В короткой речи Алексей Максимович объявил, что целью предстоящих дебатов является обнаружение недостатков в произведениях собравшихся.

Одним словом, - добавил быстро освоившийся Пушкин, - выявление недочетов! Прекрасно! Но я хочу на данном отрезке времени выявить также и достижения. В книге моего уважаемого собрата по перу, Малашкина, под названием “Сочинения Евлампия Завалишина о народном комиссаре”, на 120 стр., я прочел: “Кухарка остановилась, оттопырила широкий зад, так что обе половинки отделились друг от друга”. Это блестяще, собрат мой! Какой выпуклый слог!

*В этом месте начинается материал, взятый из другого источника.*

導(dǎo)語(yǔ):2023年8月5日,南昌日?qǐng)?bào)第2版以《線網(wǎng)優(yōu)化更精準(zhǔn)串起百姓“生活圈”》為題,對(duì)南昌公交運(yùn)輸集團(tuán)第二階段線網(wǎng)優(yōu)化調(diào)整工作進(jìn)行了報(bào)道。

Малашкин, багровея, отошел к подоконнику и оттуда забубнил:

А Лидин-то! Написал в романе “Отступник”, что “пахло запахом конского аммиака”. А никакого конского нет. И коровьего нет. Есть просто аммиак. А конского никакого нет.

Все повернулись в сторону Лидина и долго на него смотре-
ли. Наконец, автора “Отступника” взял под свою защиту Шкловский.

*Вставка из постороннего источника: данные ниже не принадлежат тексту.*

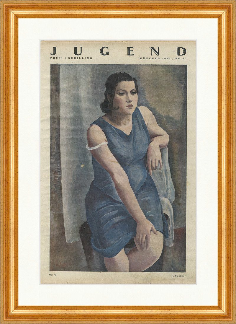 Kunstdruck Hilde Titelseite Nr. 37 J. Beutner Dame Blau Jugend Gerahmt 5341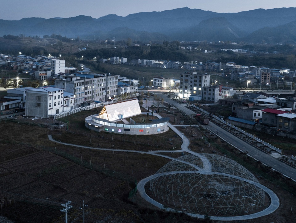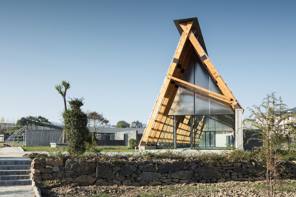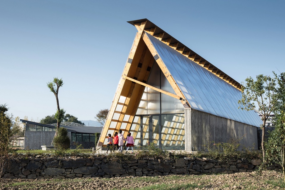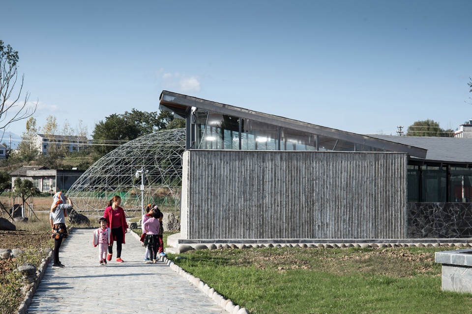 建筑需要面對新的長龍大道,也需要對新老路的轉(zhuǎn)角空間進(jìn)行回應(yīng)。墻體遇到親子活動(dòng)的部分,折疊成弧形空間,包裹出其所需的室內(nèi)外場所;而在接待的部分,墻體則流動(dòng)成線性空間,如巷道般通向村口,作為視覺和功能的導(dǎo)引,其正面又剛好圍合出面對長龍大道的入口場地,同時(shí),巷道的另一個(gè)出入口也自然融入到親子活動(dòng)的路徑上。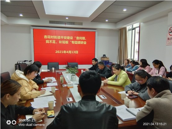 4月13日,杏花村街道平安建设“查问题、找不足、补短板”专题调研会在街道三楼会议室召开,会议由街道副主任杨星海同志主持,街道综治中心、信访办、杏花村司法所、各社区分管综治负责人、专职人民调解员参加会议。

Лидин, конечно, писатель нехороший. Но вот что написал хороший писатель Гоголь в повести “Ночь перед Рождеством”. Написал он так: “Маленькие окна подымались, и сухощавая рука старухи (которые одни только вместе со степенными отцами оставались в избах) высовывалась из окошка с колбасою в руках или куском пирога”. Что это за рука, выросшая на руке же у старухи?

А кто написал, что “Прусская пехота, по-эскадронно гоняясь за казаками…”, - раздался надтреснутый голос Гоголя. - Написано сие в “Краткой и достоверной повести о дворянине Болотове”, в сочинении Шкловского. Вот, где это написано, хотя пехота в эскадронах не ходит.

От неожиданности лысина Шкловского на минуту потухла, но потом заблистала с еще большей силой.

Позвольте, позвольте! - закричал он.

Не позволю! - решительно отвечал Гоголь. - Если уж на то пошло, то и наш уважаемый председатель Алексей Максимович чего понаписал недавно в журнале “Наши достижения”! Рассказал он, как некий тюрк-публицист объяснял “…интересно и красиво историю города Баку. “Бакуиэ” называл он его и, помню, объяснял: “Бад” - по-персидски гора, “Ку” - ветер. Баку - город ветров”. А оно как раз наоборот: “ку” - гора, “бад” - ветер. Вот какие у вас достижения!

Назревал и наливался ядом скандал. Шкловский рвался к Льву Толстому, крича о том, что не мог старый князь Болконский лежать три недели в Богучарове, разбитый параличом, как это написано в “Войне и мире”, если Алпатыч 6-го августа видел его здоровым и деятельным, а к 15 августа князь уже умер.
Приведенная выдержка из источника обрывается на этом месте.